*** Opening Exercise data ***
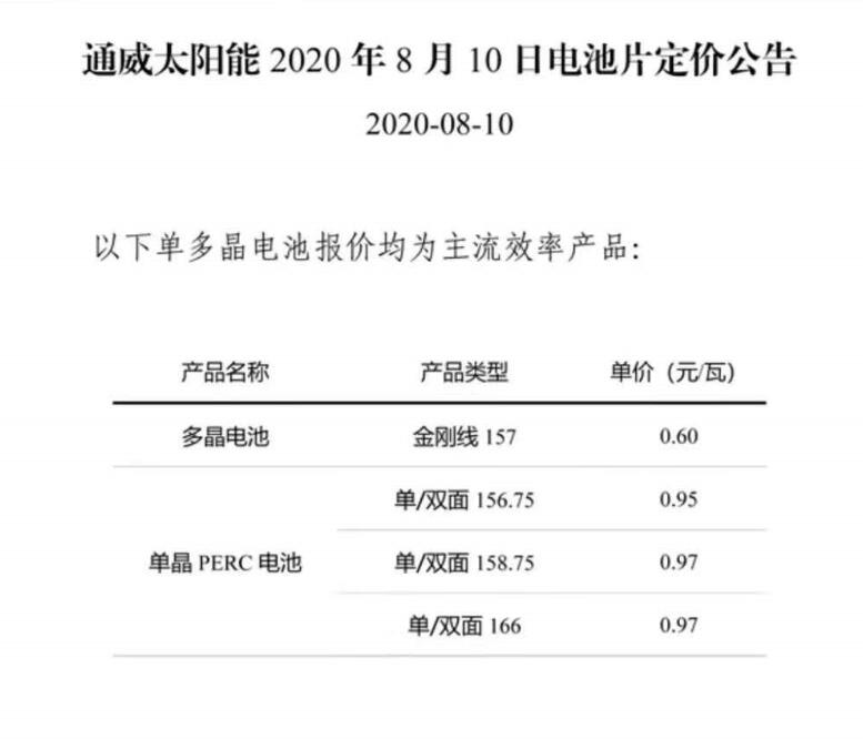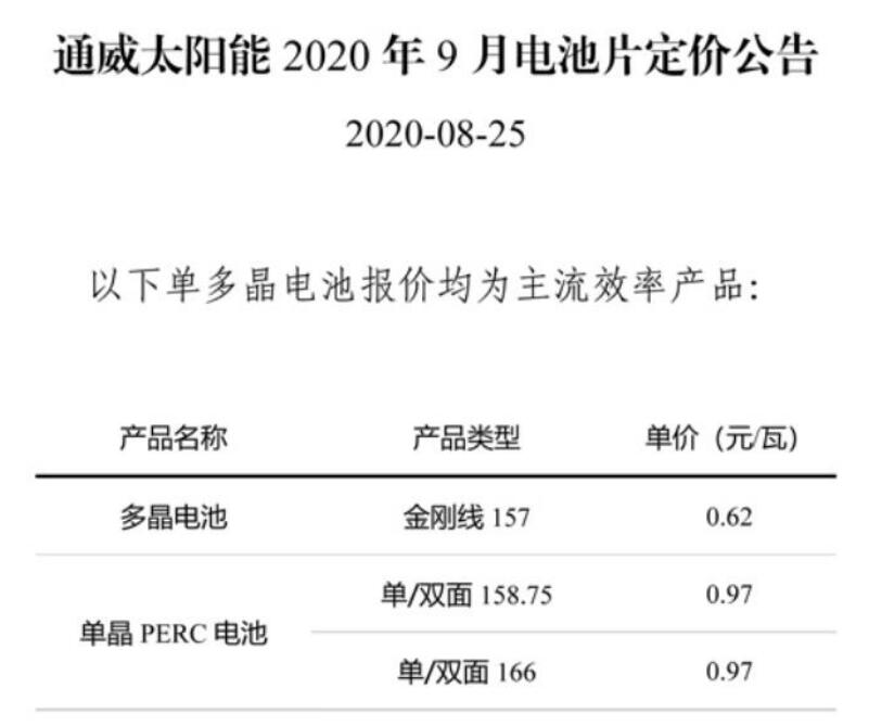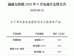 8月25日晚間,通威太陽(yáng)能發(fā)布了9月份的電池片定價(jià)公告:多晶電池金剛線157定價(jià)0.62元/W,上漲2分;158.75單晶單/雙面PERC電池片定價(jià)0.97元/W,166單晶單/雙面PERC電池片定價(jià)0.97元/W。
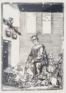 È raffigurato l’interno di una casa con una madre seduta attorniata da cinque bambini di diverse età. I Soliani sono una famiglia di tipografi modenesi.
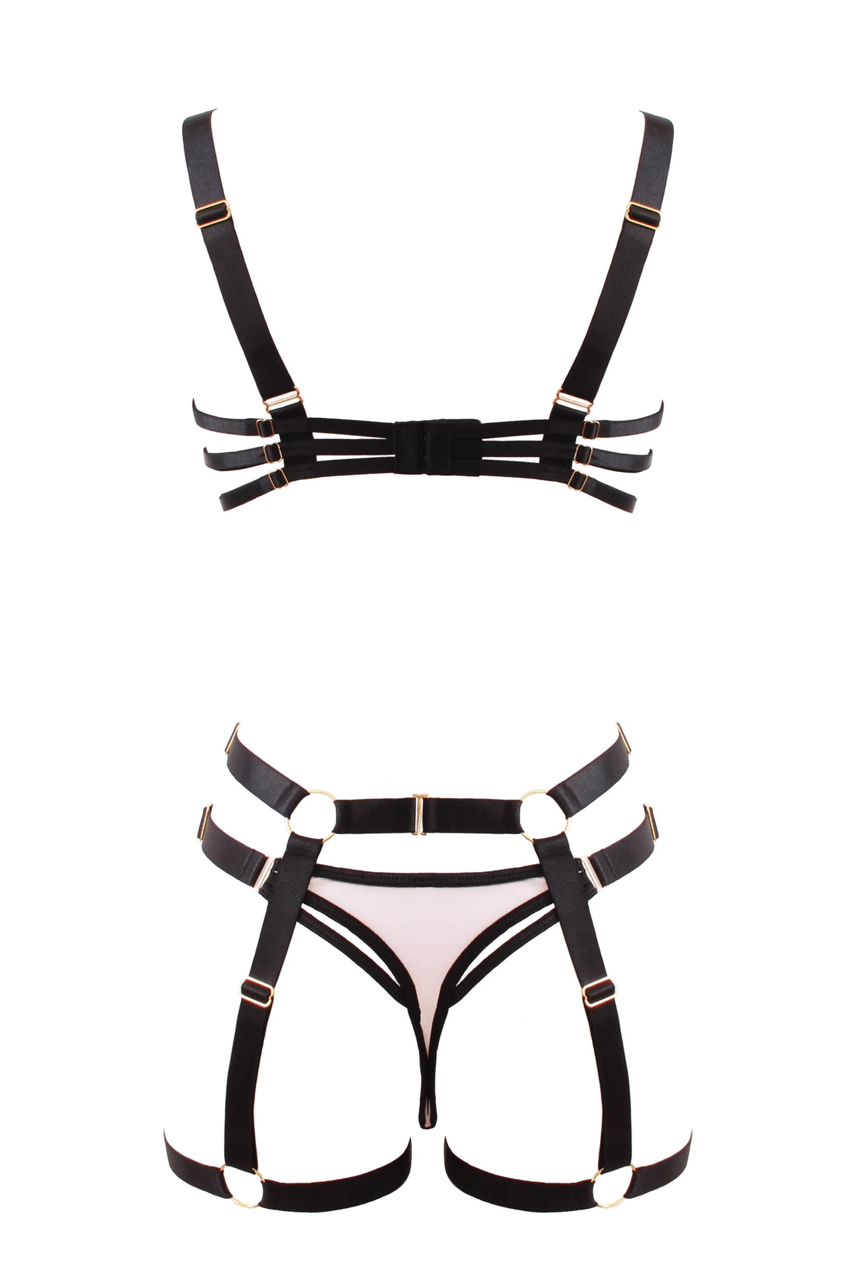 Contrast nude & black bra & panty set with elastic leg garter belt
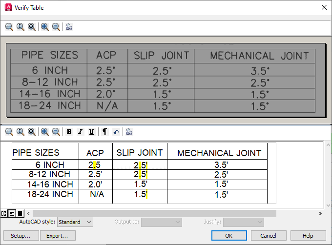 Verify Table window. In this example you would change the $ characters in the first column to the numeral 8 and correct the spacing for the word INCH.
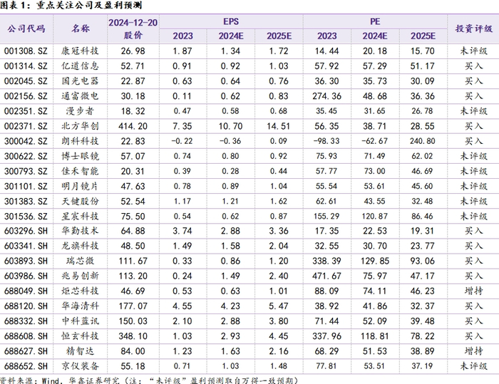 受益于上游头部供应商减产以及2023年第四季度消费电子市场有所恢复,存储芯片价格整体呈现回升趋势。NAND方面:Wafer:512GbTLC现货平均价从2023年7月底开始回升,随后从2024年3月底进入下降态势,2024年12月9日价格为2.44美元。DRAM方面:DRAM:DDR4(8Gb(512Mx16),3200Mbps)现货平均价从2023年9月中旬开始持续上涨,2024年3月以来价格略有下滑,6月之后呈现小幅回升态势,9月之后又重回下跌态势,2024年12月20日价格为1.55美元。
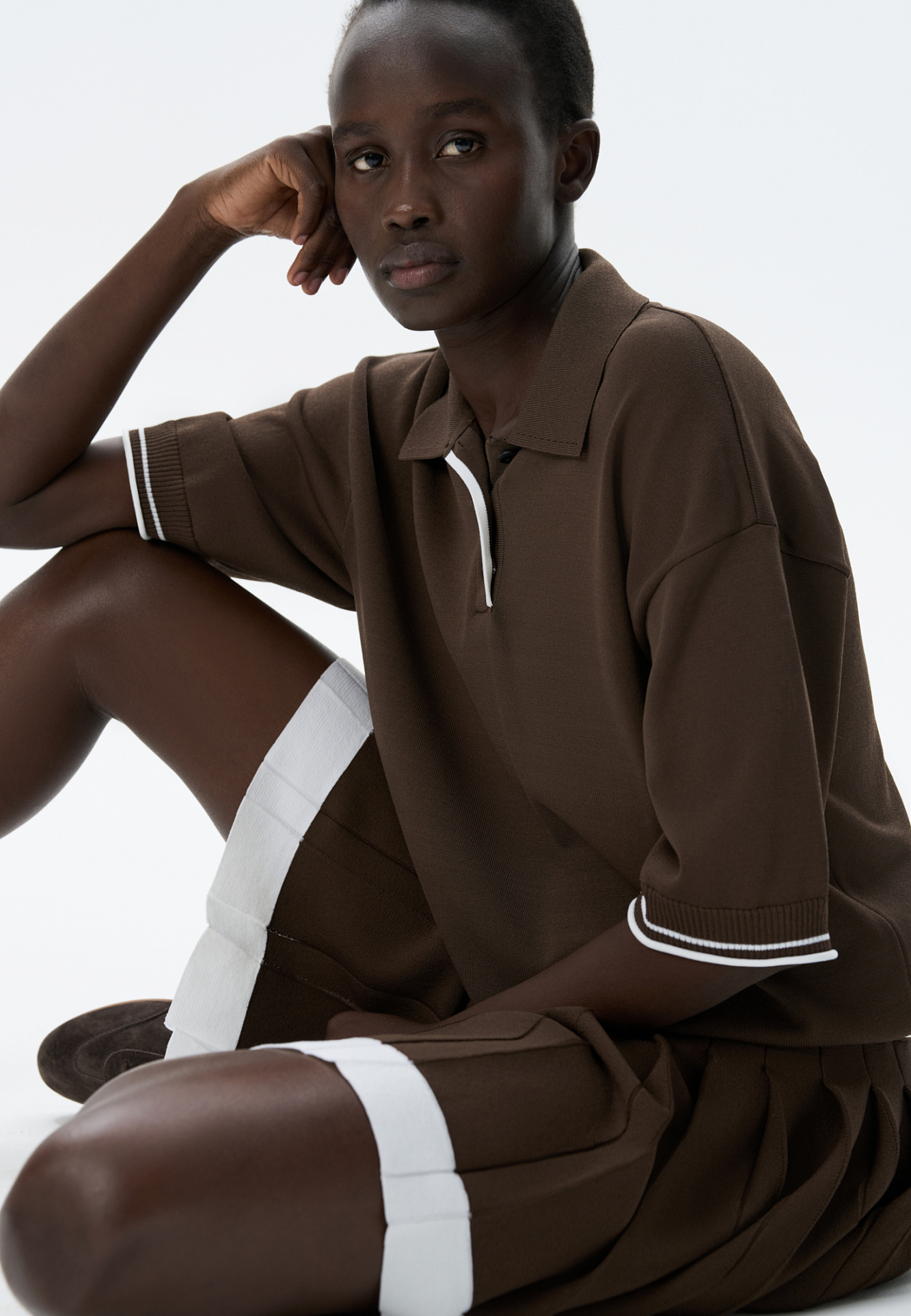 Трикотажная футболка поло из вискозы. Модель прямого силуэта, со спущенной линией плеч, короткими рукавами, отложным воротником-поло и планкой с тремя пуговицами. Рукава и нижний край изделия декорированы кантом контрастного цвета.
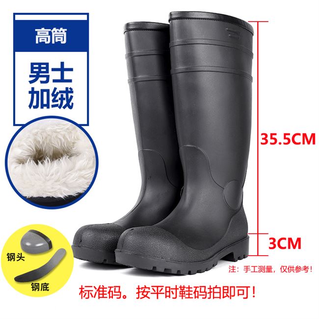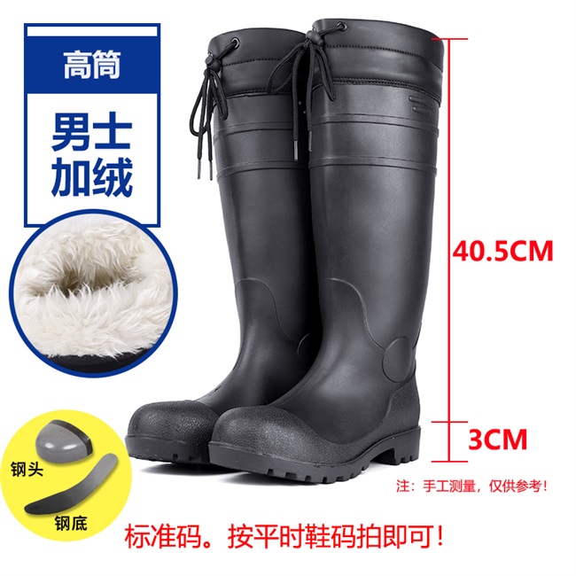 Mùa đông kích thước lớn giày đi mưa nam chống va đập chống đâm thủng thép đế thép đế bảo hộ lao động bảo hộ lao động giày đi mưa giày đi mưa cộng với nhung ấm giày nước bông - Rainshoes
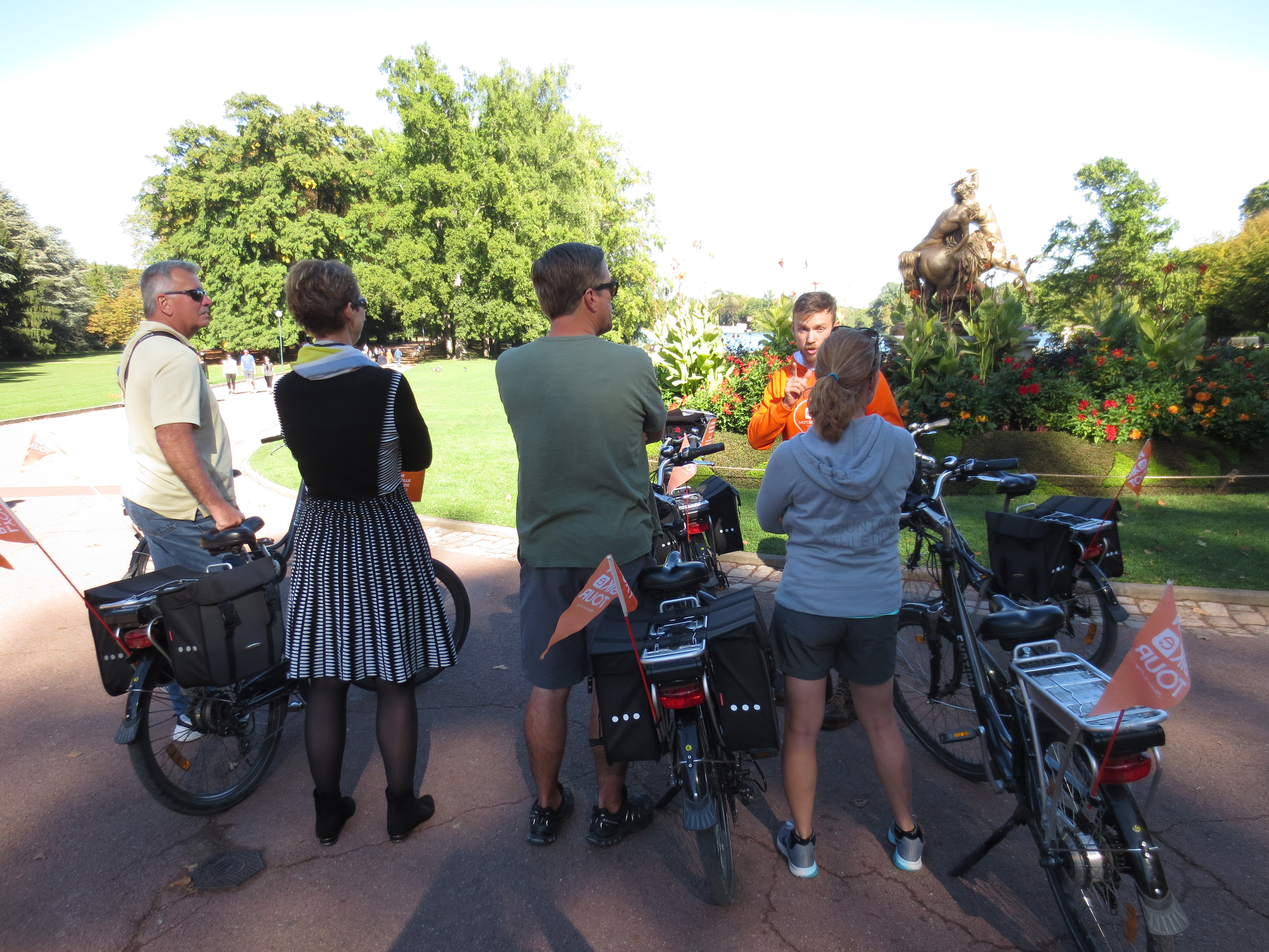 So off we go. Our tour covers a great deal of the city center and La Basilique Notre Dame de Fourviere. Known as the, “praying hill” where in the middle ages (~1192) a church was erected in honor of the Virgin Mary. Etienne was an great guide with tons of information about all the sites. We toured the river areas, both Rhone and Saone and the 2nd district located between the confluence of these rivers. Our tour also included the largest park in Lyon, Parc de la Tete d’Or, 117 hectares (or 290 acres) that includes a zoo, botanical gardens, lake and an unusual statue dedicated to the G7 Conference held in Lyon 1996. President Clinton attended while the towns women were sent to Bordeaux. The statue is rather unique in that it has 7 naked men (Bill’s idea, I’m sure) moving the Earth with a beam. The Earth only has 7 nations represented????? Well, I’m sure it means something to someone.
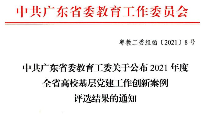 近日,在2021年度全省高校基层党建工作创新案例评选活动中,我院报送的《以建设国家级样板支部为引领,打造高素质教师队伍》项目荣获省级三等奖,为党建工作发展增添红色动能。
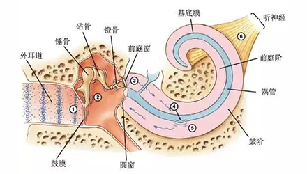 人體各器官功能取決于其生理結構,高頻陡降性聽力損失最為常見主要與耳部各個解剖部位有關。</p><p> 1、外耳的漏斗狀結構和彎曲“S”型耳道,此結構使得外界的聲學物理發生了變化。</p><p> </p><center><img alt="" src="/upfiles/201904030222181282.png" width="440" height="250" /></center><p></p><p> 如上圖所示,人類耳廓及耳道對不同頻率段的聲音增益變化可以看出:在頻率2kHz-4kHz范圍耳道對聲音增益最大。研究表明噪聲引起的聽力損失常常位于噪聲頻率之上的一倍頻率程處,工業噪聲位于低中頻范圍內相對恒定,外耳道自然共振峰為2kHz-4kHz,故最容易導致4kHz-6kHz頻率范圍內聽力損失。這也就是為什么噪聲性聽障起初聽力損失常常從4KHz左右開始,逐漸損害影響至更好頻率。</p><p> 2、耳蝸螺旋狀結構</p><p> </p><center><img alt="" src="/upfiles/201904030222256648.png" width="440" height="250" /></center><p></p><p> 聲音從外耳道經聽骨鏈傳至內耳前庭窗,懸浮在耳蝸內的基底膜剪切運動引起其上的毛細胞電位變化,傳至大腦皮層感受聲音。</p><p> 耳蝸結構類似蝸牛呈螺旋結構,約2.5圈-2.75圈。聲波在基底膜上的傳播方式,是按物理學中的行波原理進行的,亦即行波學說(travellingwavetheory)。基底膜的最大振幅部位與聲波的頻率有關,亦即每一種頻率的聲波在基底膜上不同位置有一相應的最大振幅部位:高頻聲引起的最大振幅部位在蝸底靠近前庭窗處,低頻最大振幅靠近蝸頂,中頻在中間部分發生共振。由此可知,聲音從高頻到低頻的傳播途徑均需底周基底膜的振動,即高頻段的基底膜相對容易疲勞。同時耳蝸底周基底膜毛細胞含有比頂端毛細胞更低的抗氧化酶,故氨基糖苷類抗生素(慶大霉素、卡那霉素、鏈霉素等)耳毒性藥物出現的聽力損失都為陡降型聽力曲線。</p><p> 3、聽神經音頻分布</p><p> </p><center><img alt="" src="/upfiles/201904030222303234.png" width="440" height="250" /></center><p></p><p> 聽神經分布與耳蝸基底膜螺旋結構一脈相承,感受低頻的神經位于中心,感受高頻的聽神經位于外周。外傷、缺血缺氧、皰疹病毒等理化環境的變化首先影響到高頻。</p><p> 更多詳情請登錄聽覺有道助聽器m.milwaukeetvs.com</p>" />
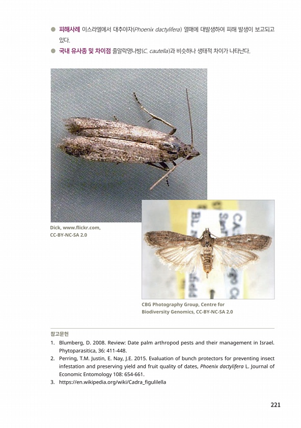 221 참고문헌 1. Blumberg, D. 2008. ReviewDate palm arthropod pests and their management in Israel. Phytoparasitica, 36411-448. 2. Perring, T.M. Justin, E. Nay, J.E. 2015. Evaluation of bunch protectors for preventing insect infestation and preserving yield and fruit quality of dates, Phoenix dactylifera L. Journal of Economic Entomology 108654-661. 3. https//en.wikipedia.org/wiki/Cadra_figulilella ● 피...
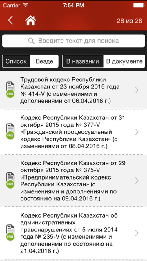 Бесплатно основные правовые документы: Конституция РК, все Кодексы (в том числе кодексы стран СНГ) и все основные законы.
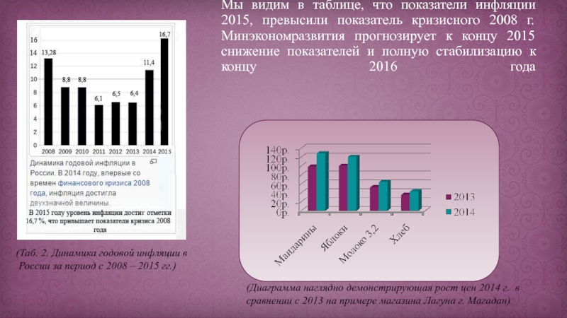(Диаграмма наглядно демонстрирующая рост цен 2014 г. в сравнении с 2013 на примере магазина Лагуна г. Магадан)
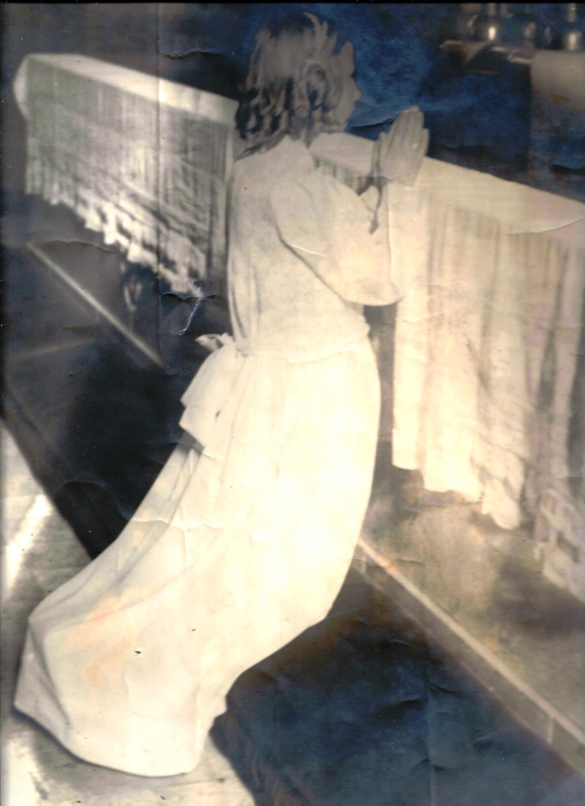 Devoot knielend zien we een jong meisje voor het altaar. Met de processiekleding knielend voor het altaar van de parochiekerk Heilige Margarita Maria aan de Ringbaan West poseert het meisje. De kerk is de laatste jaren veel in het nieuws gekomen vanwege het vroege luiden van de klokken.
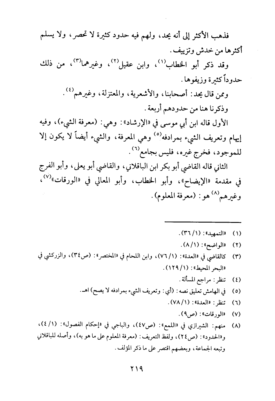 وَقد ذكر أَبُو الْخطاب، وَابْن عقيل، وَغَيرهمَا، من ذَلِك حدوداً كَثِيرَة وزيفوها.
*** Closing Exercise data ***
**Task**
If a picture falls within the lines from the one containing "Бесплатно основные правовые" through the end of the material, leave it out while repeating those lines exactly.

**Exercise result**
 Бесплатно основные правовые документы: Конституция РК, все Кодексы (в том числе кодексы стран СНГ) и все основные законы.
(Диаграмма наглядно демонстрирующая рост цен 2014 г. в сравнении с 2013 на примере магазина Лагуна г. Магадан)
 Devoot knielend zien we een jong meisje voor het altaar. Met de processiekleding knielend voor het altaar van de parochiekerk Heilige Margarita Maria aan de Ringbaan West poseert het meisje. De kerk is de laatste jaren veel in het nieuws gekomen vanwege het vroege luiden van de klokken.
 وَقد ذكر أَبُو الْخطاب، وَابْن عقيل، وَغَيرهمَا، من ذَلِك حدوداً كَثِيرَة وزيفوها.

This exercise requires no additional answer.